How Does a Power of Attorney Work?
A power of attorney is a legal document that grants a trusted agent authority to act on behalf of the principal. Regarding real estate transactions, the agent is responsible for carrying out tasks and making decisions in the owner’s name, operating under the powers granted in the document.
The power of attorneys can be broad or limited, depending on the circumstances and needs of the person granting the power. A power of attorney may also be durable, meaning it continues to be in effect even if the person becomes incapacitated.
Generally, a Power of Attorney is adequate only when the person giving the power is of sound mind and can sign the document in person. The person you appoint as your agent is commonly known as your attorney-in-fact, and the document must be presented to the title company or other party for it to be accepted. You, the principal, can revoke or change your POA designation at any time if you are of sound mind.
Who Can Be Your Agent?
When drafting a power of attorney, the principal should carefully consider who they want to act on their behalf. The agent should be someone with integrity, competency, and trustworthiness. Generally, they should be an adult family member who can understand the role’s responsibilities and accept them willingly. If the agent is a professional, it’s recommended that they are a licensed real estate agent or legal expert.
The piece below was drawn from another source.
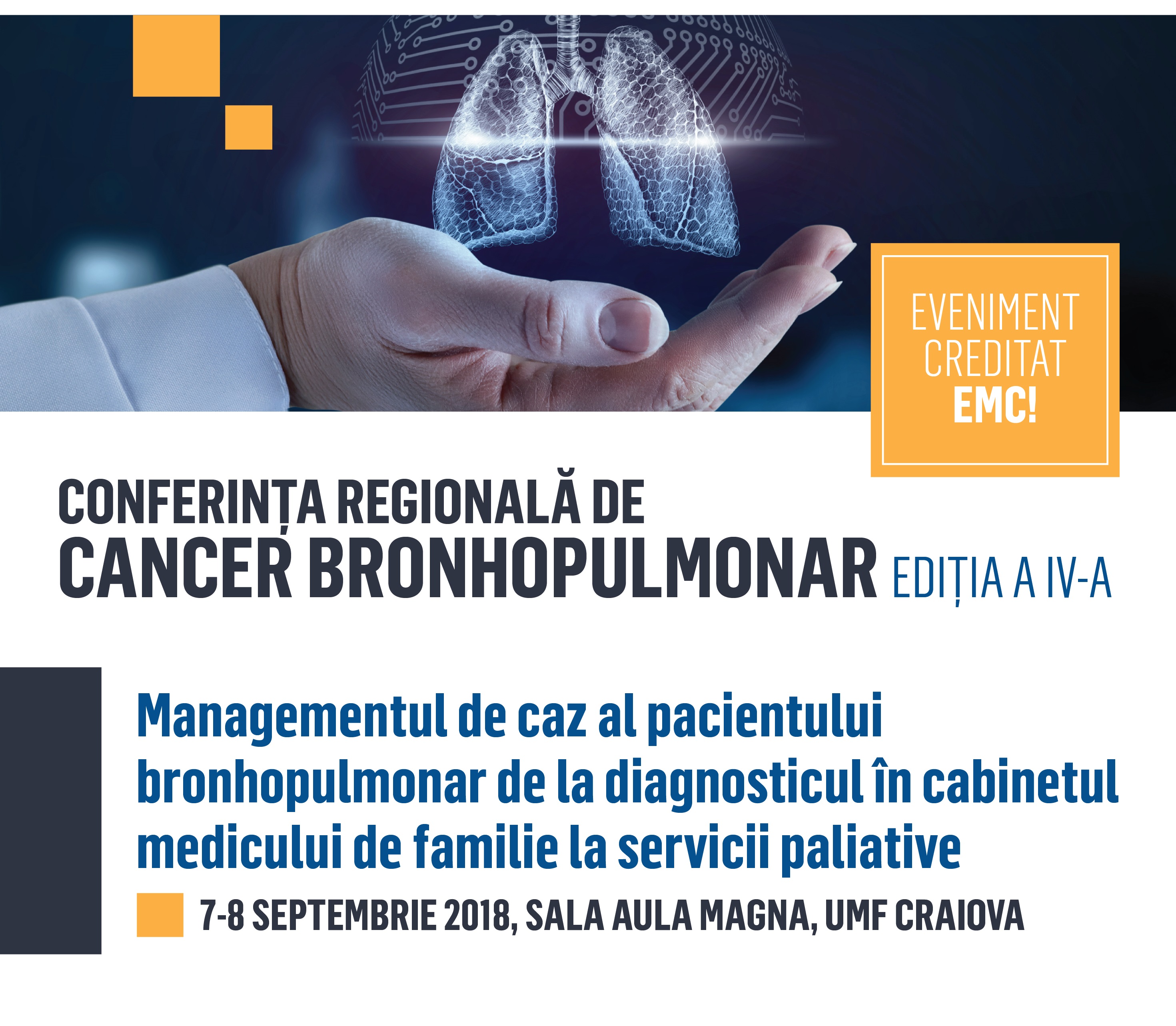 Stadializarea cancerului bronhopulmonar în imagini, particularități ale tratamentului dependenței tabagice la pacientul cu cancer pulmonar, rolul imunoterapiei în cancerul bronhopulmonar, aspecte privind îngrijirea paliativă a pacientului sau importanţa terapiei de suport pentru pacienţii bolnavi de cancer sunt câteva dintre temele ce vor fi dezbătute pe parcursul celor două zile de eveniment.

The agent must sign the document before they can legally take action. They may need to be a notary or have two witnesses present for the signature to be recognized and validated. Including successor agents in the power of attorney, document is also a good idea, just in case the primary agent becomes unavailable or incapable of performing their duties.
It’s also essential to clearly define the scope of the agent’s powers within the POA. For instance, if you want them to be able to make significant gifts for family members each year, that should be clearly outlined in the document.
What Are the Limits of a Power of Attorney?
The scope of the power granted to your agent can be broad or narrow, depending on what you want. It may include the power to sell your property or be limited to managing a specific real estate transaction. You can also specify that the power of attorney is “durable.” This means that your agent’s authority continues even if you are incapacitated.
You’ll also want to consider carefully who you choose as your agent or attorney-in-fact. Your agent should be someone you trust and whose judgment you respect. Generally, people select a family member for this role, but that is not mandatory.
If your agent acts against your previously expressed decision, such as when you file a do-not-resuscitate or organ donor form, they can be removed by court order. Likewise, your power of attorney can be revoked, but that process requires notice to both the agent and others who relied on it.